ROB GARF: Yeah, it's a great question. I'm having this conversation with customer after customer here at Salesforce, and you nailed it. You know, I'll call it we had a Cyber Week sandwich, if you will. We saw a lot of demand pulled earlier in the year, right? Consumers were scared about product availability, increasing prices, and we saw for the first two weeks in November a 16% year-over-year increase. And then for the last two weeks leading up to Christmas, we saw an 18% year-over-year increase. That's uncharacteristic. There was a smoothing out of this demand.

And to your point, this is actually a dream come true for retailers. They want to, in fact, actually see that smoothing out of demand and not seeing as much of those spikes, and so we saw it. And I think, by the way, this is actually introducing a whole new holiday calendar that retailers and consumers, for that matter, need to get used to for years to come.
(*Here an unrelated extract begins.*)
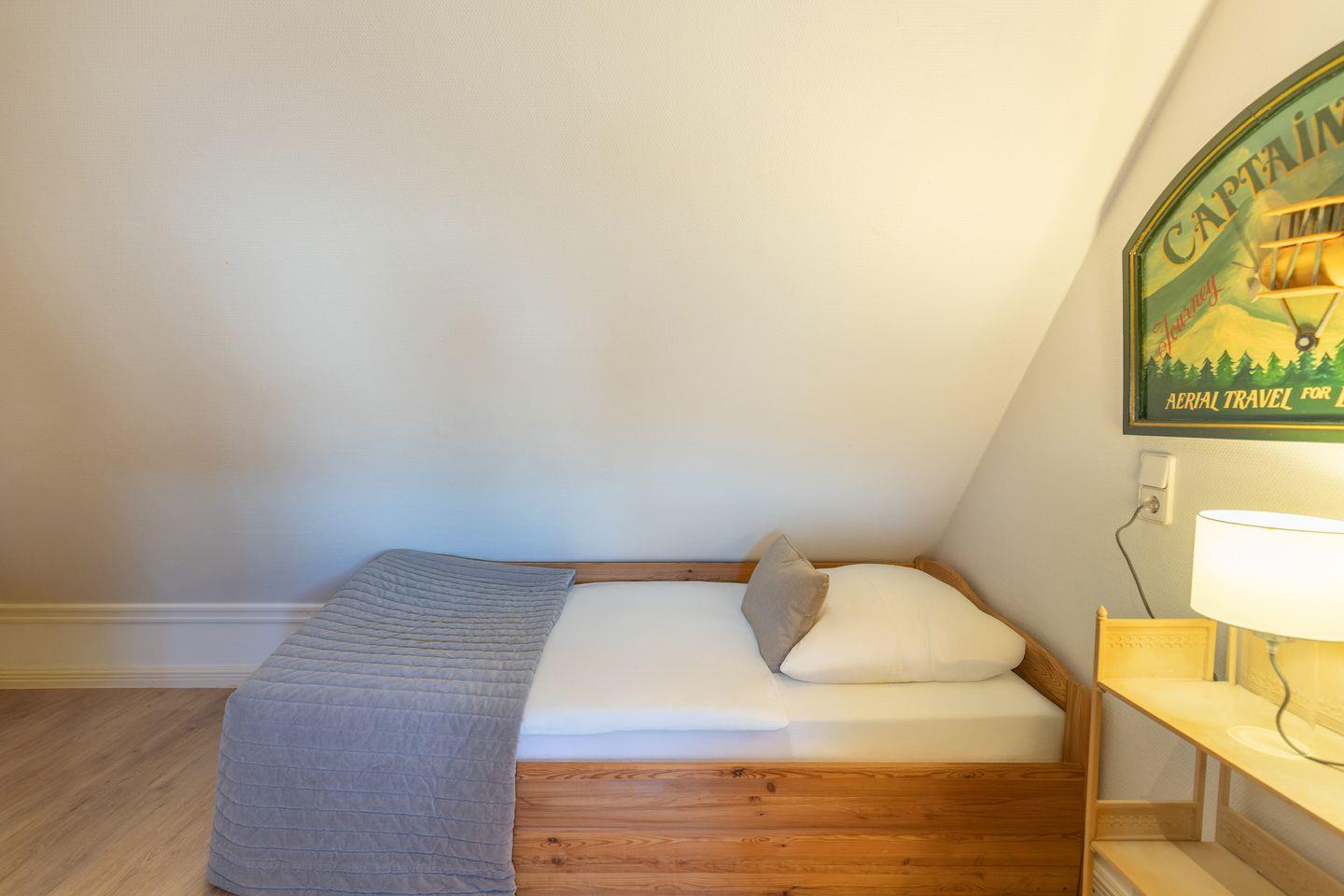 Im zweiten Obergeschoss können Sie in dem Galeriezimmer der Wohnung bei dem traumhaften Blick über die weiten Felder Ihre Seele baumeln lassen. Im Galeriezimmer steht ein weiteres Einzelbett (90 x 200) zur Verfügung. Hier besteht die Möglichkeit, das Bett auszuziehen, sodass es die Größe von 160 x 200 Meter erreicht. Aufgrund der Größe der Einzelbetten sind sie vor allem für Kinder geeignet.

ADAM SHAPIRO: Talk to the investors who are watching right now. I'm looking at your sale-- at Salesforce.com, CRM. Shares are up today a little bit over 1%, and you just mentioned the conversations you're having with your clients, with your customers. How do you take them to the next level? And then what the investors are interested in is that you're successful but the stock is looking a little pricey, even if you're seeing growth ahead. So what is it that you're going to do with these customers that I, as an investor, need to know because you guys are on fire?
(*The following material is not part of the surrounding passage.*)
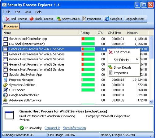 Security Process Explorer is a free process explorer that helps you to manage or control the processes running on your Windows computer. This task manager displays detailed information about the processes, it displays the file name, detailed description, directory path, etc related to a process. Security process explorer helps you to monitor and stop unnecessary processes with an ease. It even shows you the memory usage and CPU usage individually for each process running on your Windows computer. You can even make this software appear on pressing Ctrl+Alt+Delete or by right clicking on the taskbar, so in this way you can use it as a good alternative to Windows task manager.

ROB GARF: Yeah, well, I can't talk specifically about our stock price, but what I can say is every retailer is going through a digital transformation, and it's only been accelerated over the last 24 months. So many retailers have been really scrappy, really pulling together buy online, pickup in store, buy now, pay later types of capabilities, and these are sticking.

But a lot of it, by the way, is put together through baling wire and masking tape, if you will. So now what we're seeing is retailers are moving from scrappy to scale, and they're investing in technologies that really weave together the entire shopping process.
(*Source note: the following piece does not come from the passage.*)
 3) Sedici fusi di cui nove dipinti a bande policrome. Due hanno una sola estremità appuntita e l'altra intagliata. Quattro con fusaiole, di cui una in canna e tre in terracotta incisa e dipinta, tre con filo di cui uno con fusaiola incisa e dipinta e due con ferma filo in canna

You know, our research here at Salesforce shows that every consumer spends, on average, nine different touchpoints across the entire buying journey. And what that means is in the past it was really a fragmented journey and probably related to bad experiences. And the same research showed that 80% of consumers said after three bad experiences, they're going to abandon a brand.

So the point here is our technology weaves together the entire shopping process from inspiration to purchase to service, both in the digital and physical worlds.

BRAD SMITH: Hey, Brad, while we have you, Salesforce also summoned the metaverse into the chat and into the data as well, saying that as retailers begin to build in the metaverse that it's clear that shoppers are ready to purchase across new channels. So what's the reality or anticipated ramp time for metaverse transactions playing a material role in future digital holiday-season sales?

ROB GARF: Yeah, this is something, Brad, that we've been looking at for quite some time. We call it shopping at the edge. I mean, retail, if you think about it, from the beginning of time was all about pulling consumers to their brand. And now it's about pushing their brands to wherever the consumers are, and they're increasingly traversing social, messaging, gaming, voice. The cool kids are talking about metaverse. So it's about pushing that brand, the price, the promotion, the inventory to wherever the consumers are.

Our research shows that transactions off of the retailer's property are going to increase 30% over the next couple years. So it's really been accelerated, by the way, with some of these big tech platforms getting in the game, but it's something that we've been seeing for quite some time, shopping really changing from this discrete event to really this embedded event in our daily lives. Which much of it, by the way, is in digital.

ADAM SHAPIRO: All right, we appreciate your sharing all of this with us. First, Brad Smith, always good to have you here. Congratulations to Rob Garf, Salesforce vice president and general manager of retail. We'll be right back.